Here is a link to GB Small an (american, by the way) maker who has been hugely influential in menswear, has anamzing studio and atelier in Italy and dances to the rythm of his own beat;

https://geoffreybsmall.net

Cheers, Hendrick

Gerry

When I was a young man many nightclubs still had a dress code. A throwback to the days of yore when you would only be admitted to a dancehall or club is you were besuited. Which is why so many youngsters owned suits and why the suit was such a part of fashion for different generations, each decade exhibiting its own take(s) on the suit. Youngsters in the past were also more aspirational: they dressed to impress. That ethos is all but extinct with today's youth, who are materialistically richer and don't care about such things.

Nevertheless in the UK, office workers, especially in London, are expected to wear a suit or to at least dress smartly for work. For those in managerial roles, a suit is a must. It's the uniform of status. Just look at parliament or the richest businessmen/women in the UK. For that reason, Saville Row will always exist.

That said, establishments in the West End do now cater to a more casual look. In London, Lee Marsh springs to mind. He has a range of casual, high-end jackets that are made with all the care and attention one would expect of a Savile Row tailor (which he is), yet they're anything but stuffy:

https://www.leemarsh.co.uk/new-page-4

Tailors in Italy and France also offer more casual clothing. The craft is far from dead, it merely continues to evolve.

Greger

"That ethos is all but extinct with today's youth, who are materialistically richer and don't care about such things."

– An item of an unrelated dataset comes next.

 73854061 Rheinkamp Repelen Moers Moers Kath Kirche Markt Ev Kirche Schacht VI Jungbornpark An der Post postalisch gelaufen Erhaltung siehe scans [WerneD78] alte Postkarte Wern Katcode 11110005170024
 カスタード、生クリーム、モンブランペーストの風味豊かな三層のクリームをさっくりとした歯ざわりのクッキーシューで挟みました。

Tailors should be reaching out to these that have enough money. These clothes don't have to ALL be expensive. In the past tailors made blazers, which were not a refined coat at all. These were not expensive coats. They didn't have a ton of work in them. What is needed is balance, straight and crooked, armhole depth, loose enough and not a lot pressing. The art of clothing is not always about perfect fit. How many of the old blazers had canvas? Collar canvas, maybe. The purpose of these blazers had nothing to do with persuading anybodies mind. It was merely a coat for certain sports and teams.

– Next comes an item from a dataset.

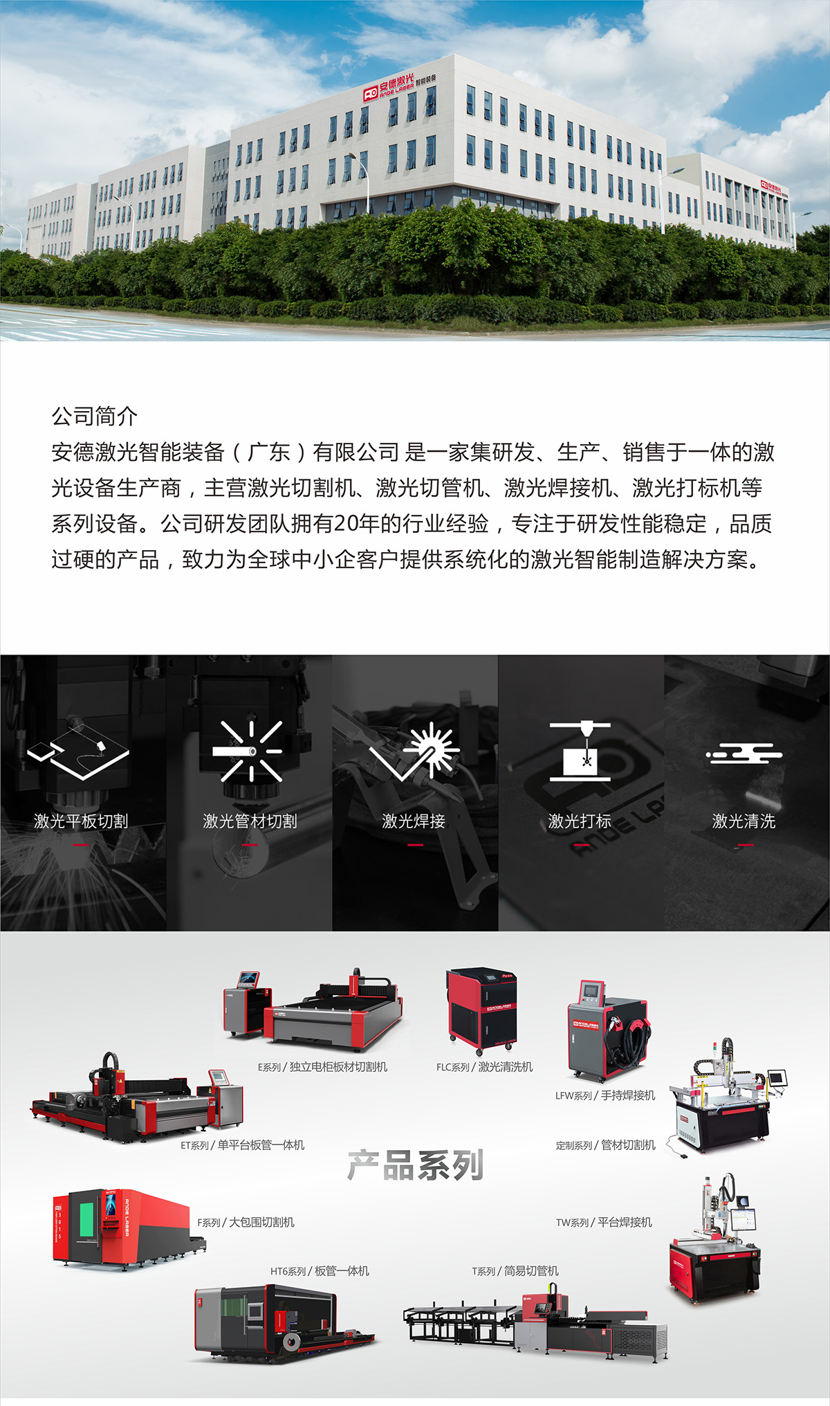 安德激光智能裝備(廣東)有限公司 位于廣東省江門市,是一家集研發(fā)、生產(chǎn)、銷售于一體的激光設(shè)備生產(chǎn)商,主營激光切割機(jī),激光切管機(jī),激光焊接機(jī)、激光打標(biāo)機(jī)等系列激光設(shè)備。公司擁有面積達(dá)53000㎡自建智能化產(chǎn)業(yè)園區(qū),研發(fā)團(tuán)隊擁有20年的行業(yè)經(jīng)驗,一直致力為中小企客戶提供系統(tǒng)化的激光智能制造解決方案。

Easy wear- Mass-production wasn't everywhere. When it did show up some people didn't buy it because they wanted comfort. A cheap lousy tailor produces a better fit than Mass-produced. In demand tailors charge a lot. And then, all the ones in between. A price range.

jruley

Quote from: Greger on May 10, 2025, 05:58:19 AMEasy wear- Mass-production wasn't everywhere. When it did show up some people didn't buy it because they wanted comfort.

"Comfort" today seems to be equated with oversized, loose and sloppy, or stretchy.  How is a tailor supposed to compete with that?